Are the Royal Marines that are participating in the 1664 Challenge chosen or did they volunteer?
Every Royal Marine participating has volunteered to take part. For each of the Corps Team of 6 selected to do the whole challenge we had in excess of 30 Royal Marines who volunteered from each of the major Commando Units. The 4200 Royal Marines taking part in elements of the run around the UK have also volunteered to take part and to try to raise money for the Royal Marines Charity.
What kind of training did they go through to be successful with such a significant physical challenge as the 1664?
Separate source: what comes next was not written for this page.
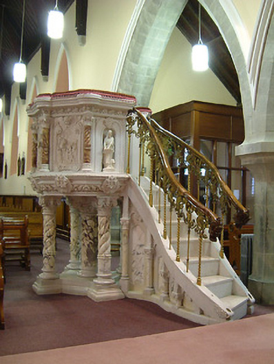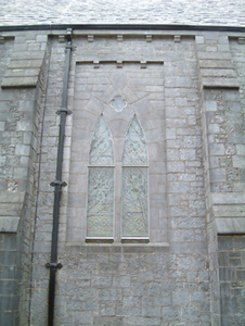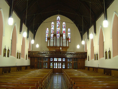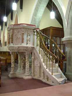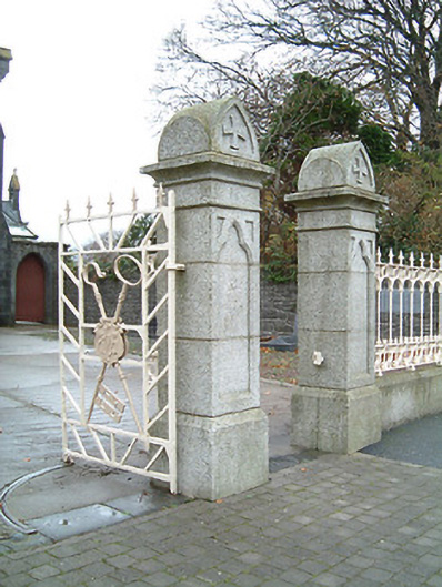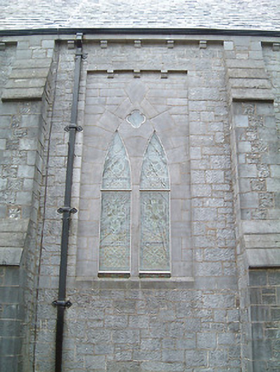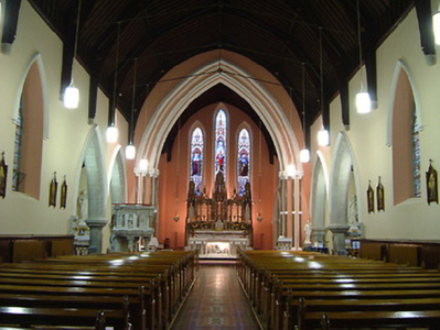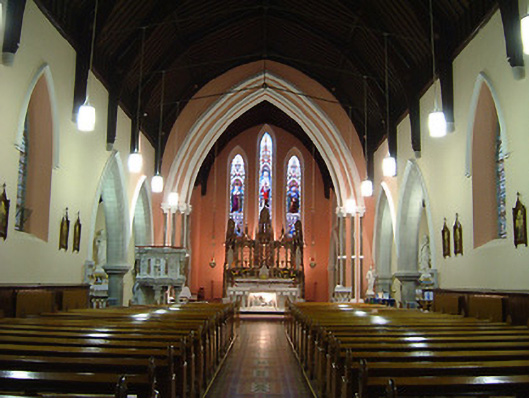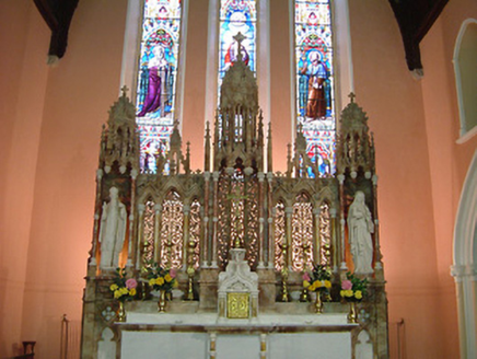 Detached seven-bay double-height Gothic Revival Catholic church, built 1869, on a corner site comprising six-bay double-height nave with single-bay (two-bay deep) double-height lean-to shallow transepts to north and to south, and single-bay double-height lower chancel to west having single-bay single-storey lean-to sacristy to south-west. Pitched slate roofs (lean-to to transepts and to sacristy) with section of polygonal 'fish scale' slate, clay ridge tiles, cut-limestone coping to gables having cross finials to apexes, and cast-iron rainwater goods on limestone ashlar eaves having corbels. Random squared limestone walls with cut-limestone dressings including quoins to stepped buttresses, and unpainted rendered walls to rear (west) elevations. Paired pointed-arch window openings in square-headed corbelled recesses with quatrefoil over, cut-limestone sills having chamfered reveals, limestone ashlar block-and-start surrounds, and fixed-pane fittings having leaded stained glass panels. Grouped (five part arrangement) lancet-arch window openings to east with limestone ashlar block-and-start surrounds, cut-limestone voussoirs, and fixed-pane fittings having leaded stained glass panels. Pointed-arch door opening with limestone ashlar block-and-start surround having moulded reveals, cut-limestone voussoirs, timber panelled double doors having sidelights on panelled risers, overlights having leaded stained glass panels, and squared limestone voussoirs over forming pointed-arch relieving arch. Full-height interior open into roof with glazed timber panelled internal porch having timber panelled gallery over, decorative clay tiled floor to aisle, timber pews, tongue-and-groove timber panelled wainscoting, moulded archivolts to window openings, pointed-arch arcades to transepts on cut-stone piers, exposed timber roof construction on cut-stone corbels, decorative cut-stone lectern on a polygonal plan, pointed-arch chancel arch with moulded reveals supporting archivolt resting on Corinthian colonettes, and decorative Gothic-style reredos. Set back from line of road on a corner site. (ii) Gateway, built 1869, to east comprising pair of granite ashlar trefoil panelled piers with moulded necking, pointed-arch capping, wrought iron double gates, wrought iron flanking pedestrian gates, granite ashlar trefoil panelled outer piers with moulded necking, pointed-arch capping, sections of wrought iron railings on granite ashlar plinth leading to granite ashlar trefoil panelled terminating piers having moulded necking, and pointed-arch capping.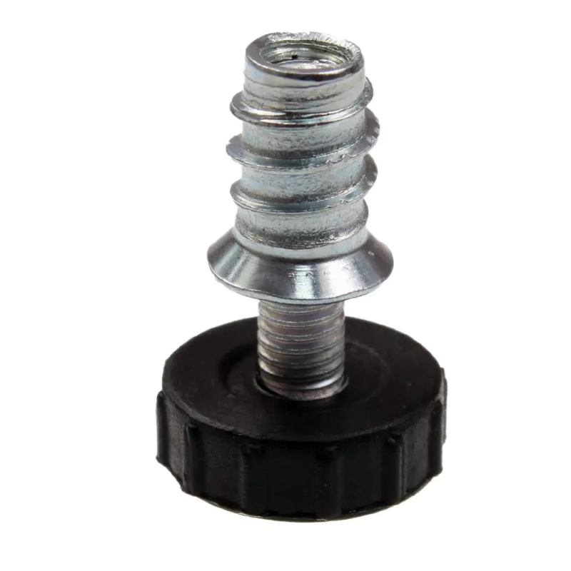 Montaż elementu jest prosty – mufa osadzana jest w przygotowanym otworze, a następnie wkręcany jest trzpień regulacyjny. Takie rozwiązanie umożliwia wielokrotną regulację bez utraty stabilności połączenia.

The Corps Team has been training for over a year. Specific courses undertaken were, the Winter Warfare Course in Norway. This taught them how to ski, operate and, if necessary, survive in the inhospitable terrain of Northern Norway in winter. They all took the 3 star Kayak course and were all qualified to Competent Crew level on a Challenger 67 yacht. This was all interspersed with cycle training and running fitness.
You are trying to raise 500,000 pounds to support the RMCTF. What does your organization do and what will the money go towards?
The Royal Marines Charitable Trust Fund is here to provide a better quality of life to serving and retired Royal Marines and their families. The RMCTF is the overarching Royal Marines charity that is partnered with the Royal Marines and supports the Corps Family, from cadets, through serving marines to retired marines, including reserves and the band service and all of their dependents’ and families. Funds raised for the charity are spent on the three pathways below:
- Recovery Pathway Helping the wounded and injured in any way we can, particularly as the most severely injured begin their transition into civilian life; quite simply, the RMCTF will help when others cannot.
- Quality of Life Pathway Helping those still serving and facing successive tours in high threat environments - providing adventure training for those returning from operations, funding homecoming events, financing memorials, maintaining our heritage etc.
- Through Life Pathway Continuing the same level of support and care once the beneficiaries break their formal links to the Corps.
Sadly, but importantly, the RMCTF also provides a grant to the next of kin of those who die in service within 48 hours of the event.
What does it mean to have somebody like Henry Cavill supporting your organization?
Henry Cavill is an iconic figure. His support to the challenge and to the RMCTF thus raises the profile of the event and the good things that the charity does in support of injured and wounded Royal Marines. It was a poignant moment for the challenge and for all the Royal Marines when Henry spoke over the video prior to the start of the run phase. His time is precious, we know that, and thus his desire to make this video and help all of the Royal Marines on this challenge is truly an inspiration for others. A real friend is someone who gives and expects nothing in return – Henry is without doubt a friend to the Royal Marines. Our fundraising target is ambitious and we know we cannot get there alone; the simple but clearly genuine and heartfelt way that that Henry came across in the video will encourage all the Royal Marines and general public in the UK to help raise this massive sum for our injured guys.
How long is this fundraising effort going on for and how can people help you reach your goal?
Throughout the run around the UK volunteers will be out in force collecting money in the towns and cities the team runs through. Although the event will end on Friday 25 July, when the core team completes their final marathon through London, fundraising online will still carry on for many months afterwards.